И высказала все, цитируя всех его недоброжелателей и не скупясь на хлесткие определения. Напомнила о том, что талант – огромный дар, который можно потерять в погоне за деньгами. Он же свой талант почти разменял на груду мелких медяков, окружив себя льстецами, и потому уже давно катится по наклонной плоскости, повсюду раздавая эти дурацкие интервью, рассказывая о каких-то немыслимых любовных связях и деньгах. Искусство не прощает такой измены.

Самсонов слушал с большим пониманием и даже сочувствием. Правда, сначала воспринимал ее слова как интеллигентские причитания, но постепенно стал прислушиваться. Он давно понимал: надо что-то менять в своем стиле поведения. Хотелось лоска, но где его взять? А с Мариной… может получиться неожиданное.

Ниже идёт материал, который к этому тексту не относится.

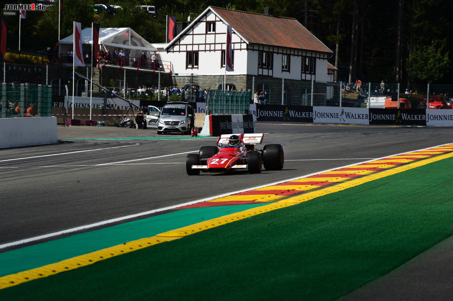 Der 312B mit Ickx' legendärer Startnummer 27 rollte zwei Stunden vor Rennstart bei bestem Wetter, aber mit Regenreifen über die Ardennen-Achterbahn. Der 71-Jährige ließ es sichtlich ruhig angehen, genoss aber die Ausfahrt mit seinem alten Dienstwagen offenbar genauso wie das Publikum.

– Вот и прекрасно, – спокойно сказал Микис и, понимая ее настроение, продолжил. – Значит, ты должна быть рядом. Будешь визировать все мои интервью. Кто знает, может именно ты и послана, чтобы упорядочить мою, как ты говоришь, хаотичную жизнь.

Вот так – взял и определил ход ее дальнейшей жизни и даже не дал времени возразить или отказаться. В нем было то, что покоряет любую женщину: умение убеждать, заставить ее поверить, что именно она – единственная и неповторимая, нужная ему. Кроме того, Самсонов умел держать удар и принимать решения. Он казался ей сильнее нее самой, и это чувство буквально сбило ее с ног. Впрочем, кто бы устоял?! Не дав Марине сказать и слова, Микис быстро попрощался и ушел.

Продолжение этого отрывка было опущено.